Основные концепты психосоматической медицины
Три важных факта из области психосоматической медицины:

1) Многие пациенты не верят
в психосоматику и не желают покидать
кабинет врача соматического профиля без диагноза.

2) Диагностика и лечение психосоматических расстройств
происходит при совместной работе
терапевта, врач-психотерапевта и психолога.

3) Перед постановкой диагноза пациент тщательно
обследуется на наличие или отсутствие
нарушений психологического и соматического характера
по принципу «ЗДОРОВЬЕ на 360°».


Психосоматика – наука о взаимосвязи между психикой/сознанием человека и возникновением соматических (телесных) заболеваний. Она объединяет научные достижения психологии, медицины, и нейронаук, рассматривая человека как единство, характеризующееся в норме гармоничными взаимоотношениями взаимодополняющих компонентов в системе «Мозг-Тело-Сознание». В основе психосоматического подхода к проблеме здоровья и функционирования человека лежит утверждение, что соматические проблемы являются следствием острых и хронических стрессоров и связанных с ними длительных психологических и негативных эмоциональных переживаний - конфликтные ситуации, снижение статуса в социальной группе, падение дохода, сложные эмоциональные состояния разочарования и ревности, а также , простые эмоции гнева, отчаянья или грусти, особенно если они подавляются и многократно переживаются, – все эти факторы способствуют возникновению психосоматических заболеваний, при которых мишенью поражения может стать любой орган или физиологическая система. В свою очередь, с помощью симптомов (боль и другие неприятные ощущения в теле, повышение артериального давления, высыпания на коже, нарушения функции органов и систем и пр.) тело подает нам сигналы о неблагополучии в мышлении, поведении и регуляции эмоций.

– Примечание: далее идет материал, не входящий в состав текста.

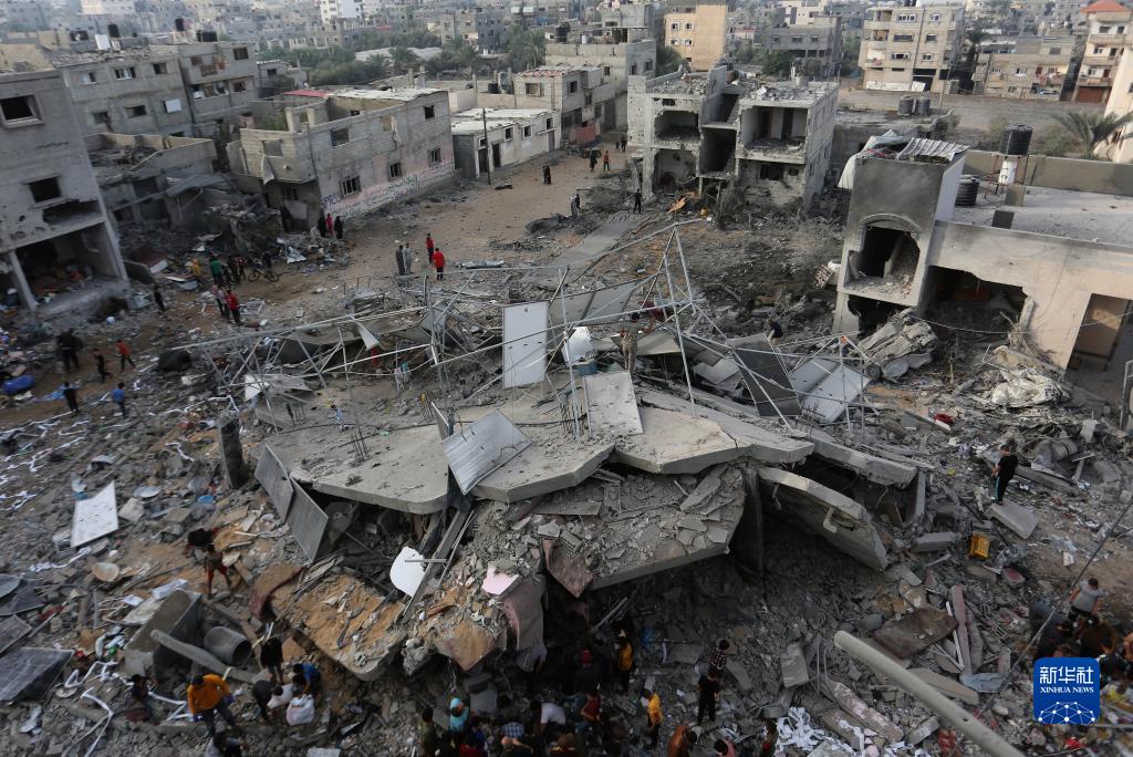 11月11日,在加沙地带南部城市拉法,人们查看遭以色列袭击后的建筑。

В исторической ретроспективе термин "психосоматика" предложен немецким психиатром Иоганном Хайнротом (Johann C.A. Heinroth) в 1818 году, который постулировал связь психогенных фактором с возникновением соматических заболеваний.

В 1950 г. профессор Чикагского института психоанализа Университета Иллинойса Франц Александер (Franz Alexander), в процессе изучения зависимости характера соматических нарушений от структуры и длительности негативных эмоциональных переживаний, сформировал группу заболеваний, которую назвал «Чикагской Семёркой» («Chicago Seven») или «священной семёркой» («Holy Seven»). Нет, это не гангстерская группировка, – это перечень основных «классических» психосоматических расстройств, в возникновении которых значительная роль принадлежит нарушениям мышления, регуляции эмоций и поведения: 1. язвенная болезнь желудка и двенадцатиперстной кишки; 2. Неспецифический язвенный колит; 3. бронхиальная астма; 4. тиреотоксикоз; 5. эссенциальная гипертензия; 6. Ревматоидный артрит; 7. нейродермит. Как свидетельствуют данные популяционных исследований, на счету этой семерки намного больше жизней, чем у самой большой преступной группировки.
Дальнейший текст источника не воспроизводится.